I have come to believe that this “lubrication” of the therapeutic process with empathy is the catalyst needed to make possible the transition from hope in the fantasy of finding primal love to the reality of piecing together those relationships that create a satisfying adult life. Thus the therapist’s giving does not match the inner child’s perceived need, but does cover, as much as possible, the pain and uncertainty of making the switch. Just like the definition of catalyst in chemistry, the therapist’s empathy can lower the energy required to make this difficult transfer.

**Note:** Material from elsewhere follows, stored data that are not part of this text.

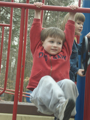 it appears that finally the winter weather is on the way out and warmer weather is moving in. we took the toddlers outside at church this morning. we ate lunch outside at five guys. and we topped it all off with a long trip to the park. it's supposed to be in the 60s all week which makes us happy.
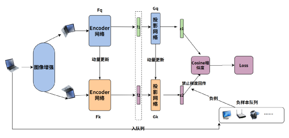 负样本通过定长队列维护保存,每个Batch淘汰老数据,加入新数据
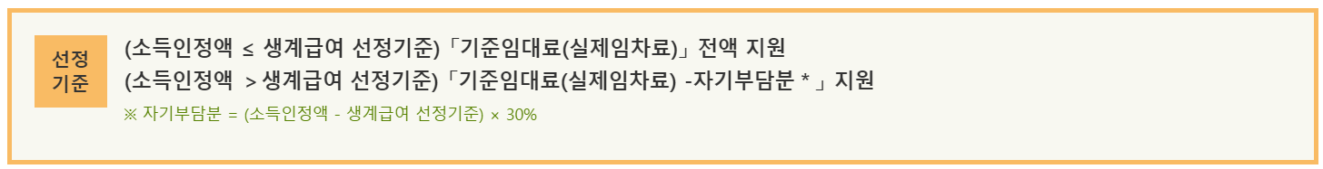 - 수급자의 소득인정액이 생계급여 선정기준을 초과하는 경우 자기 부담분이 차감됩니다.
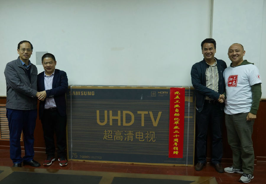 会议伊始,员工们逐一自我介绍。接着,与会师生一同观看了20年前的毕业录像剪辑,回忆了难忘的点点滴滴。而后,叶浩、李赟两位员工代表全班同学向学院捐赠了75吋超高清电视机,以感谢母院的培养。
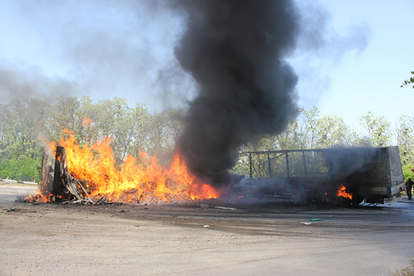 По сообщению пресс-службы ГСЧС в Запорожской области, они направили на место аварии 13 сутрудников и 3 машины. Для тушения использовали воду и пену. Вытаскивали из кабины одной из фур тело погибшего водителя.
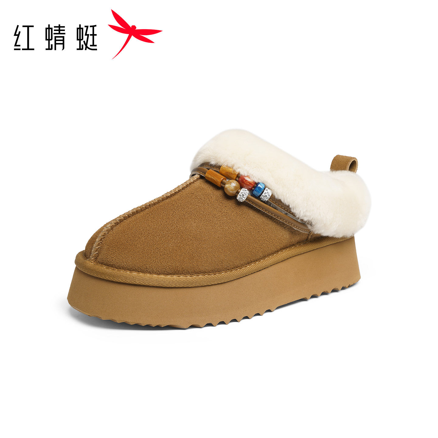 红蜻蜓baby同款时尚雪地靴冬季加绒包头厚底棉鞋保暖外穿拖鞋女鞋
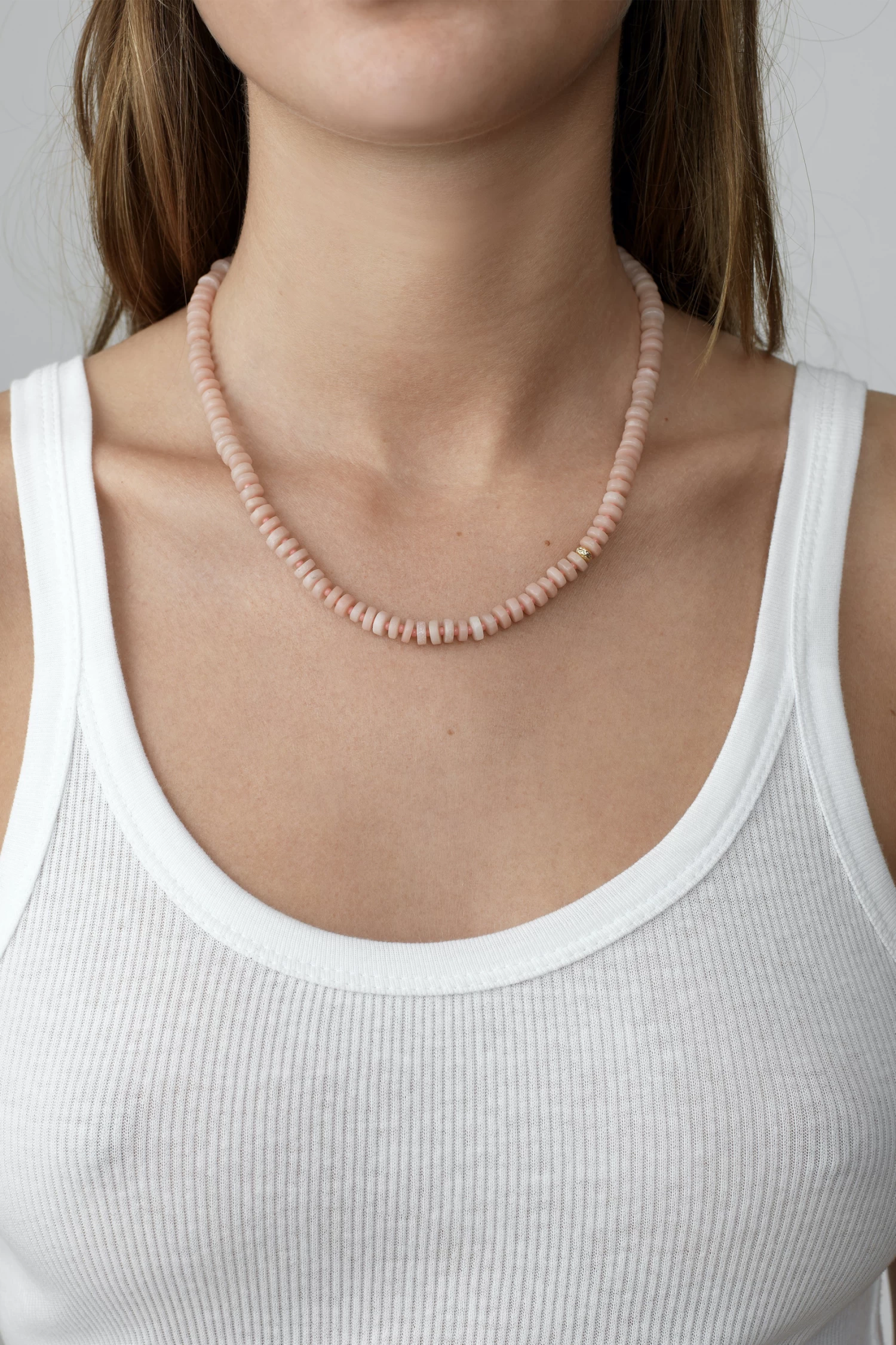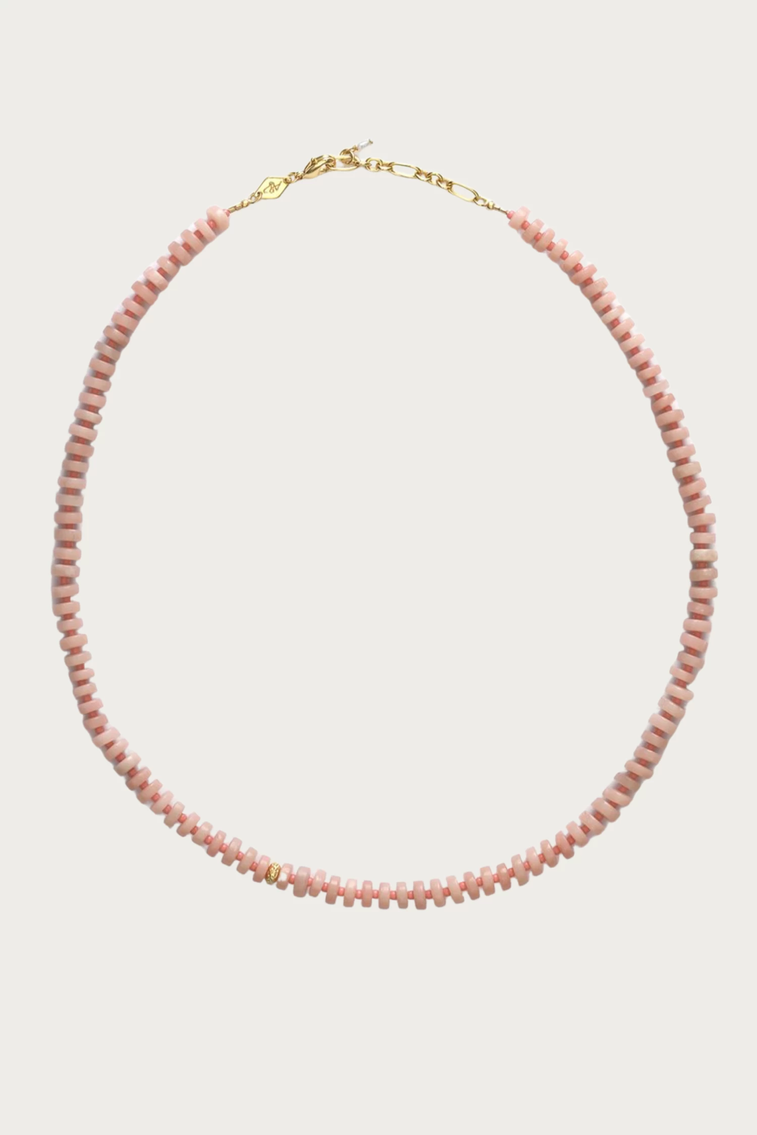 Anni Lu’s signature use of color gives her jewelry so much personality. This 18K gold-plated necklace is strung with glass and pink opal heishi beads. Wear yours alone or layer with similar styles from the label.

Is that enough to allow a switch in where hope is placed? No. There has to be a gradually deeper and more real acceptance that the child is hoping for something that can’t be and that adult reality actually has more to offer. I think the switch can come in big moments and small ones. It comes with moments of realization that what one was looking for is impossible, and at the same time, that there is real hope elsewhere. It’s trading fantasy hope for real hope. A therapist who acts like a good parent will keep giving accurate empathy and understanding, while helping to shine an increasingly clear light on the huge advantages of the adult world with its cornucopia of possibilities compared with the disadvantages of clinging to a childhood wish for primal love unfulfilled in early life and unfulfillable in adult life.
So what happens when the therapist is not up to the job? We have seen in reader comments here how often the delicate process of therapy is disrupted either by the therapist not being able to handle strong feelings or by illness, bureaucracy, or some other inevitable break. In those cases, the equation remains the same, but we hope the client’s belief in the process has not been damaged beyond repair. We hope that the client will be able to attach to some other representative of what is good about the adult world, some other ambassador for the rich land where there are people who actually want to be connected to us, where God or serendipity provides for what we can’t demand or control, and where embracing uncertainty is the way to gain the best things in life.